Alas, the previous two posts already pointed out ways in which stateful applications require data which is both shared and mutable. Maybe you can squeeze an input/output loop on top of a tree structure in order to accommodate three alternating owners (render function, update function, parent widget), but at some point more complicated solutions to invalidation-related problems become necessary.

Reference Counting

The first possibility is good old reference counting. Rust and C++ developers can specifically enumerate the co-owners of each object so that it is kept alive until the exact moment all references get dropped. Python also uses reference counting, but since that fact is largely invisible to the programmer, I’m grouping it more with the garbage collected languages in the next section.

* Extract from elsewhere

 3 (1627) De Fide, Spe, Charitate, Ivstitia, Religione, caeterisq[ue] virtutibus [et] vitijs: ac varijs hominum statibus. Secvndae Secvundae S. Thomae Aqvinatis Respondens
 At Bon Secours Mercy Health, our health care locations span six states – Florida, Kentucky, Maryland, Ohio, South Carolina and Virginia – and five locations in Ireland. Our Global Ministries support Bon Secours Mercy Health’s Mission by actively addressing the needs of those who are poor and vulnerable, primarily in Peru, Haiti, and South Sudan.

Alas, explicit reference counting has rough ergonomics and surprisingly bad performance. No one wants half their GUI code dedicated to calling Arc::clone. It is absolutely doable, but we should look for other options.

Garbage Collection

Garbage collected languages never let objects die, ever. So long as there is some path through the program to that old state, it will still exist. This seems like the right behavior for a state management framework, and it certainly makes GUI frameworks easier to implement. Otherwise how could the JS ecosystem be working on their 800th system for state-management while other languages are barely getting started on the problem? Some of my early prototypes tried to lean on other tracing garbage collectors written for Rust, but none of them beat reference counting on an ergonomic level. Closures seem to be the simplest reason for this, since there is no automatic mechanism for a Rust library to see what objects a closure has captured. But looking back I’m not too upset because garbage collection isn’t necessarily the right solution anyway.

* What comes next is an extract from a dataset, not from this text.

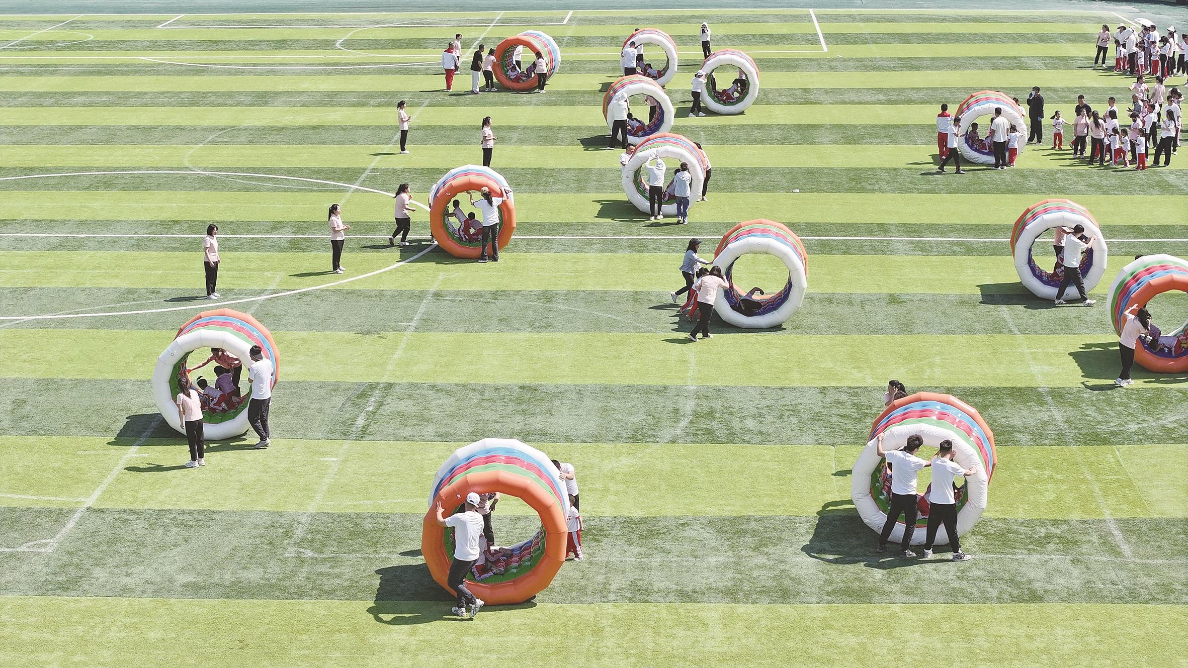 5月27日,家长与孩子们在活动中参与亲子游戏(无人机照片)。

My problem with garbage collection is that it treats deletion as a second-class kind of operation on state. If the user presses that big red X next to a counter, we want to be sure that it and its memory are properly gone. If there is some event listener or callback somewhere not getting unregistered, that is a serious bug, not a nice reason for the memory to stick around. Deletion should have guarantees, same as any other sort of state modification.

Weak References

In the face of unpredictable mutation, Rust programmers almost always fall back on weak references in the form of IDs and indexes. Just put all your state in a big dictionary, store keys instead of pointers!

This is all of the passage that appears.